In a recent JC, for example, Dominic Green excoriated the new president of the United States as a man who “calls America racist at its root and heart”, when just a week earlier Biden had told an interviewer that “I don’t think America is racist, but I think the overhang from all of the Jim Crow — and before that, slavery — have had a cost.” Many readers, not least those older Jews who long supported civil rights and saw other Jews in America murdered for supporting them, will think that Biden’s is a not unfair analysis. Either way, Green is demonstrably, factually wrong.
But it wasn’t Green’s admiration for Trump or his obvious personal distaste for Joe Biden that worried me. I’ve seen all too many on the right make the journey from Reaganites to Lindberghians in recent years.

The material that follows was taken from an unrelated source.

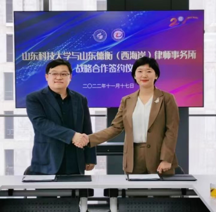11月17日下午,fun88官网体育与山东德衡(西海岸)律师事务所战略合作签约仪式暨fun88官网体育教学实习基地揭牌仪式,在山东德衡(西海岸)律师事务所成功举办。fun88官网体育副经理秘明杰、法学系主任吴立志、专业课教师刘兵和杨厚瑞,山东德衡(西海岸)律师事务所主任张晓暄、执行主任麻方亮、工会主席及妇委会主任王雪妮、青工委主任刘宁出席活动。

The following proposition and the argument for it, however, bothered me. The Biden presidency, wrote Green, “will not be good for the Jews”. Unlike the presidency of Donald Trump, which, one deduces, was good for them. Once, of course (though this awkwardness was not mentioned), you subtract the emboldening of the antisemitic far right that seems to have taken place under Trump. After all, were there not one or two Orthodox Jews in that crowd that stormed the Capitol on 6 January, rubbing shoulders and fire extinguishers with people wearing “Camp Auschwitz” T-shirts?

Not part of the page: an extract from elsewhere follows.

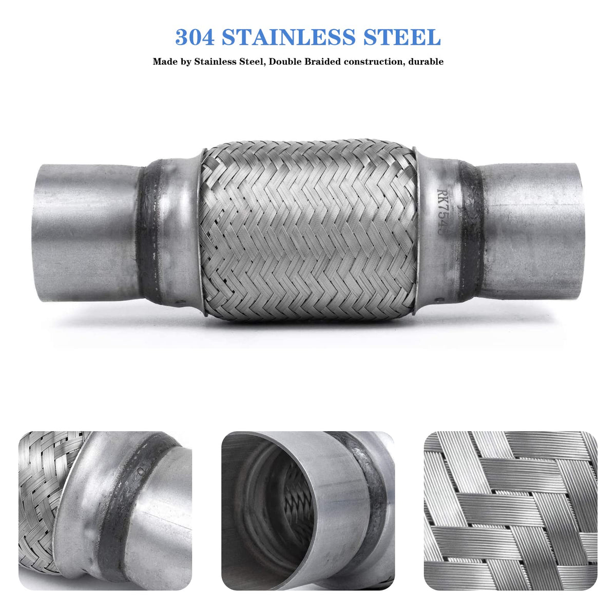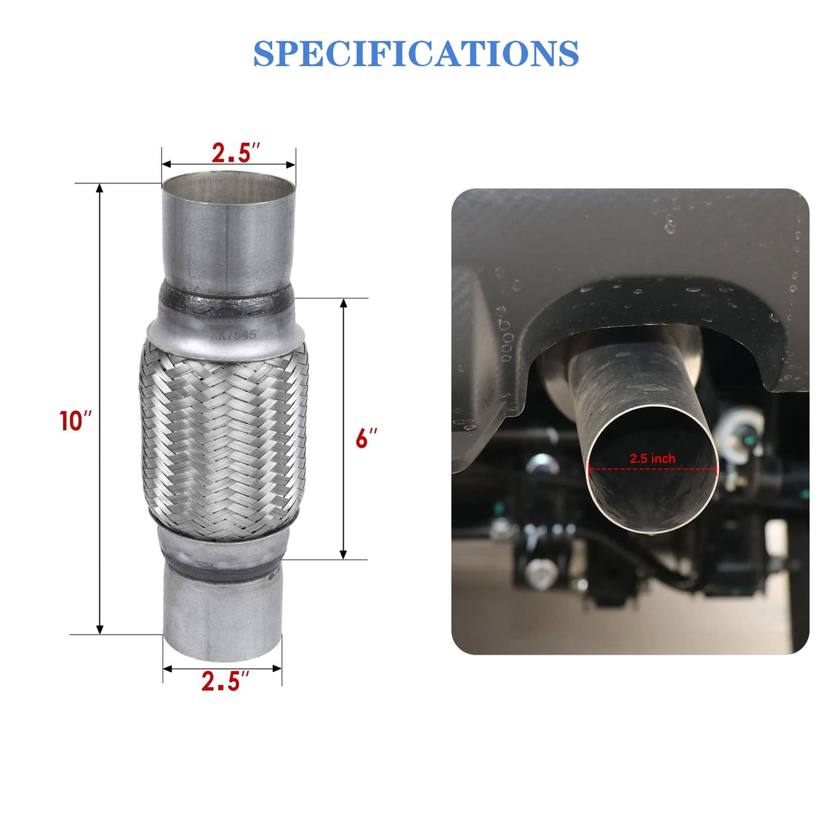 RP Remarkable Power, 2 pack 2.5 inch Inlet Exhaust Flex Pipe,2.5 ID x 10 inch Length Flexible Exhaust Tube,Stainless Steel Double Braid Heavy Duty Universal fit Flex Muffler Pipe RK7545 Replacement

So, whatever Biden is like for the Jews, we can be certain that neo-Nazis and white supremacists think he is very bad for neo-Nazis and white supremacists. Yet that embarrassment in itself doesn’t make Green wrong. What makes him wrong, and even a little dangerous, is his idea of who “the Jews” are.
The first and most obvious assumption Green makes is that the interest of “the Jews” universally maps exactly on to the policies and outlook of Binyamin Netanyahu and the Israeli nationalist right. Insofar as Biden deviates in any way from these, he is objectively anti-Jewish.

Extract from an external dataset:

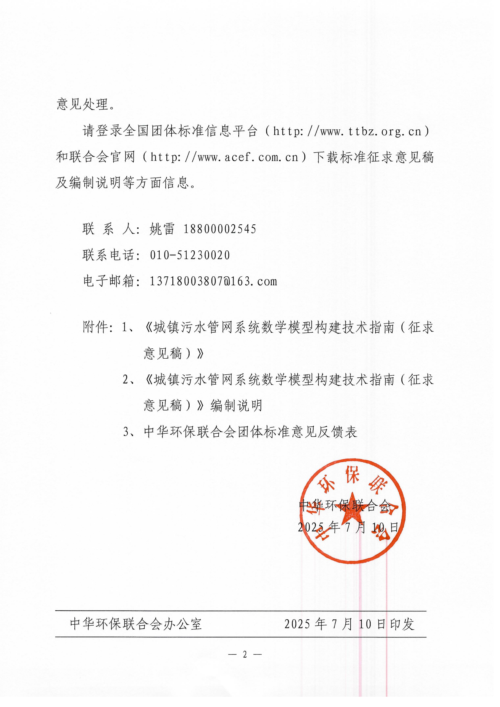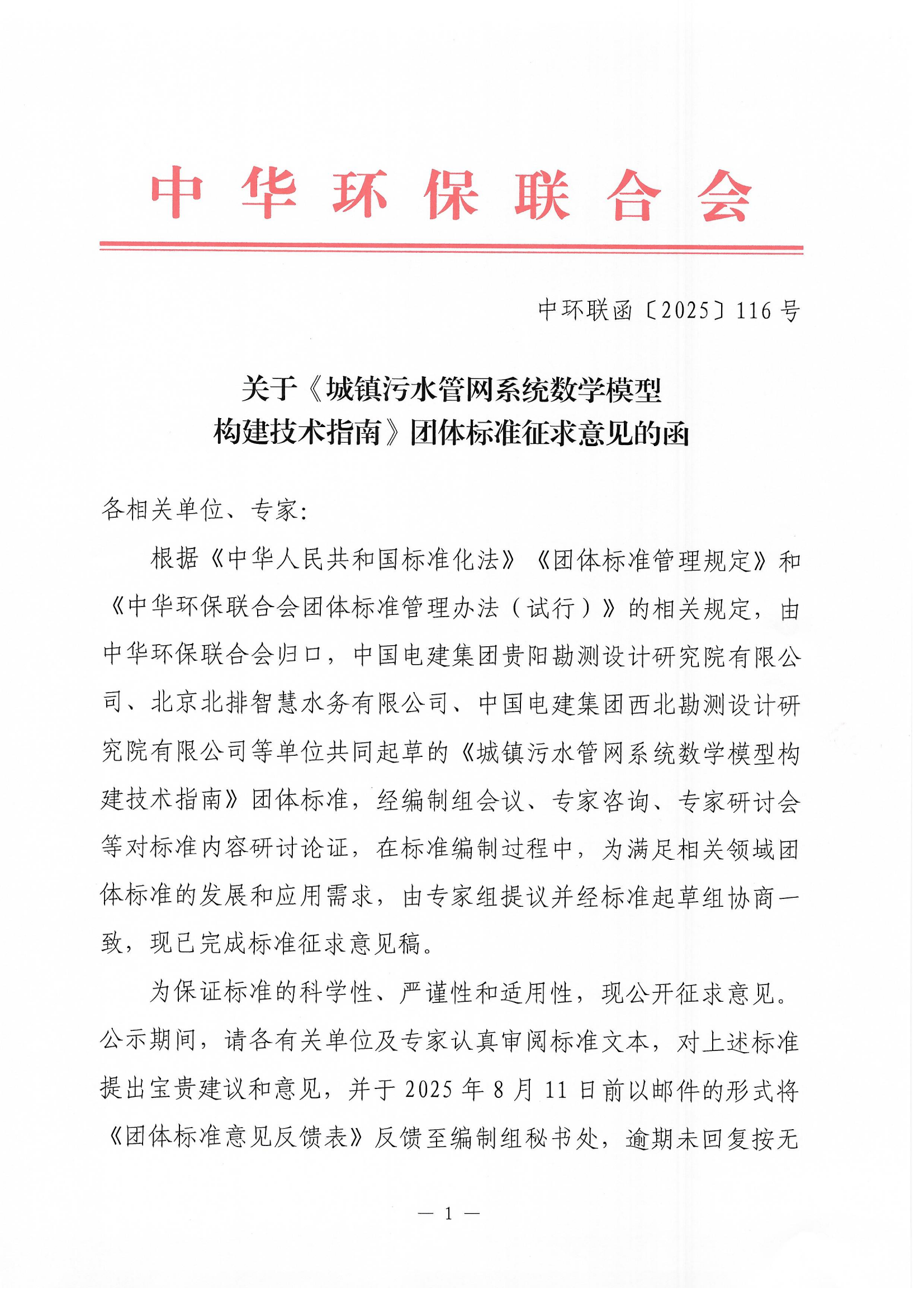 关于《城镇污水管网系统数学模型构建技术指南》团体标准征求意见的函

That’s bad enough in its own way — the association of Jews with a slavish support for whatever an Israeli administration decides to do is a key element in modern leftist antisemitism.
But it gets worse. Green attacks Biden’s plans for recovery and infrastructure spending as in themselves being bad for American Jews, because they are “middle class taxpayers [who are] about to get the tab”. Since the threshold at which more tax will be paid is over $400,000 per annum, this sentiment assumes that all Jews are rich and resent paying taxes for national recovery.
Furthermore, suggests Green, Jews are all white and as such can be expected to suffer from Biden’s attempts to level the playing field for American blacks. And more “observant Jews” will also be penalised for “being at odds with the Democrats’ anything-goes libertinism”. He gives no examples of this “libertinism” (a strange scruple for a Trump supporter, of course), but when pressed, he would probably mutter something about transgenderism, whilst actually meaning gay rights.
Finally, Green describes as “bad for the Jews” Biden’s “needless” antagonising of Vladimir Putin and his Erdogan-annoying acceptance that genocide was committed against the Armenian people just over a century ago.
You may be noticing by now what a horrible picture Green paints of “the Jews”. They – we – are rich, selfish, tribal, conscienceless and mean. If it’s not in our interests, for example, to allow that another people has suffered genocide or discrimination, then we won’t allow it. Taxes, schmaxes, Armenians Schmarmenians. Who cares who kills whom, so long as they don’t mess with us?
“The Jews”, in Green’s evocation, are the doppelgangers of the antisemite’s scheming Hebrews.
And you want to know what’s bad for the Jews? That’s really bad for the Jews.